The following day the prime minister was becoming increasingly frustrated at the president's wandering gaze and incoherent speech. He was causing such a hindrance that White genuinely felt like shooting him.
"The goddamn mushrooms have stolen my hair again," he shouted.
"Mr President..." began the vice president.
"Sarah, put that spoon down."
The PM stared in total amazement as the vice president reached behind him and removed a USB stick from his neck. The president slumped to the floor. The aid walked over to the sofa, picked up a cushion, and placed it underneath the president's head.
"Sorry about that. An early experimental implant, he won't let us upgrade it. When he gets that bad we have to reboot him."
"What the fuck?" said the Prime Minister, accurately summarising everyone else's questions.
The V.P. sighed.
"I suppose we've been lucky to get away with it this long.
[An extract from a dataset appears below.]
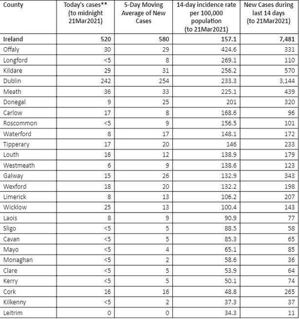 Geographically, 242 cases were confirmed in Dublin, 36 in Meath, 30 in Offaly, 29 in Kildare, and 25 in Wicklow, with the remaining 158 cases spread across 20 other counties.

He had quite a severe stroke many years ago, before he was elected, and we gave him an implant. Although it was our latest design at the time, we're way behind you and Europe in these matters and... well, frankly it doesn't work properly. To be honest it's getting to the point where we're thinking of removing it, publicly announcing that he's had a stroke and putting him out to pasture. Anyway, can we get back to the talks now?"
With a rather bemused air they all gathered themselves but before they could refocus on their discussions a T14 agent ran in.
"You have to turn on the news. Iran are threatening a nuclear strike if we don't give those prisoners back."
The foreign secretary let out a shrill laugh.
"Looks like we picked a fucking good day to be in a bunker, doesn't it?"